■ DIRECTIONS
For the entries that follow, retype exactly the lines from the one containing "951 South White River Parkway WDR" to the one containing "Publix Super Markets tops in giving", inclusive, and only those. Images stay out of the copy.

■ RECORDS SHOWN
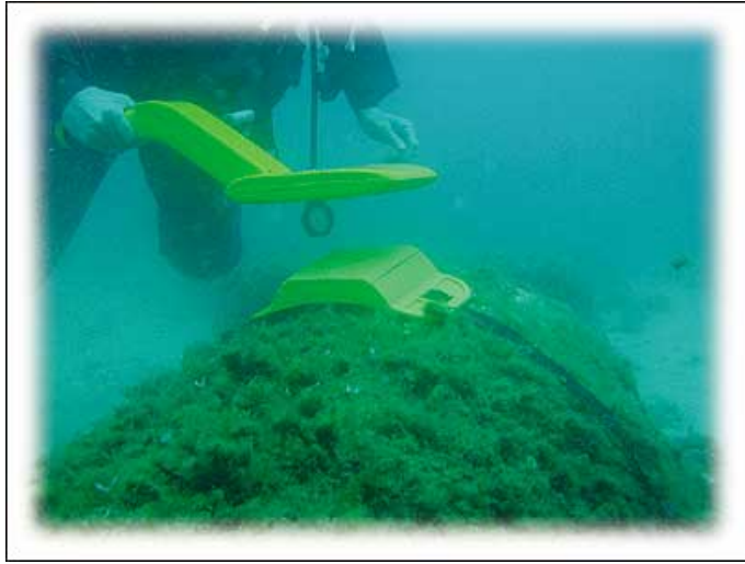
Figure 2. The Enertag system for the pipeline monitoring
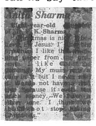
That's better.
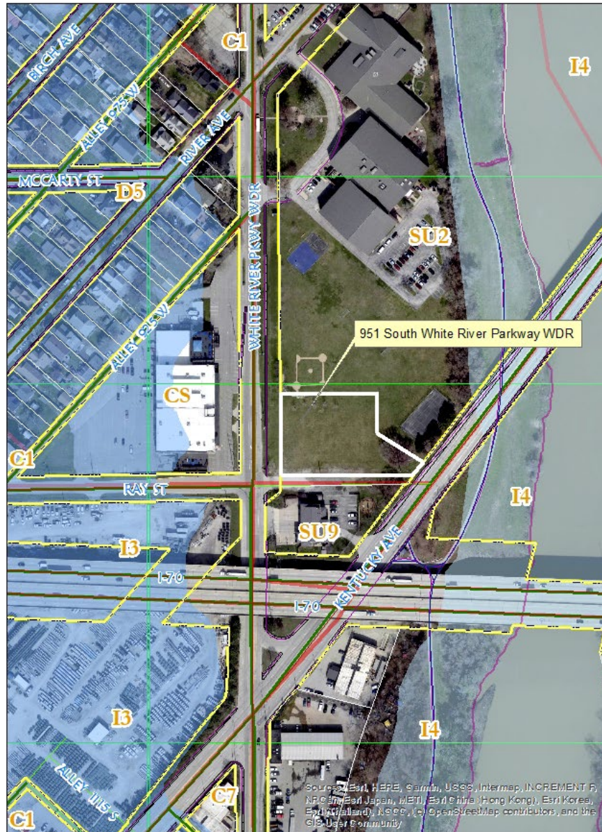
951 South White River Parkway WDR
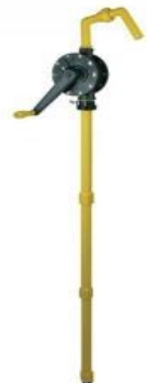
PPB - 1

Do not use with solvents, acetone, turpentine etc
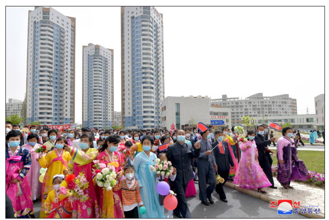
An inauguration ceremony of dwelling houses is held in the Taephyong area on May 21.
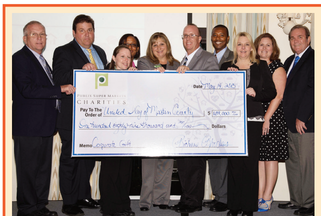
Publix Super Markets tops in giving

While every attempt has been made to ensure the accuracy of this listing, we apologize for any errors or omissions. Some Leadership Members who contributed through payroll deduction or gave their gifts through a corporate entity or foundation might not be listed, as United Way may not receive a complete record of these names. Please advise us of any corrections so we can recognize you next year.
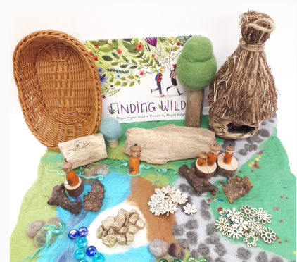
15708 Woodland Playscape
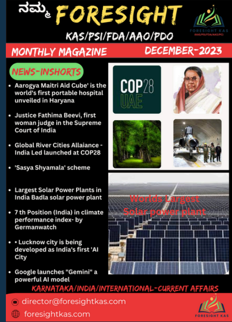
Monthly Current Affairs
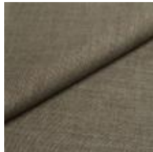
Fabric Lido trend 95 Mineral 1017523

■ ANSWER BOX
951 South White River Parkway WDR
PPB - 1

Do not use with solvents, acetone, turpentine etc
An inauguration ceremony of dwelling houses is held in the Taephyong area on May 21.
Publix Super Markets tops in giving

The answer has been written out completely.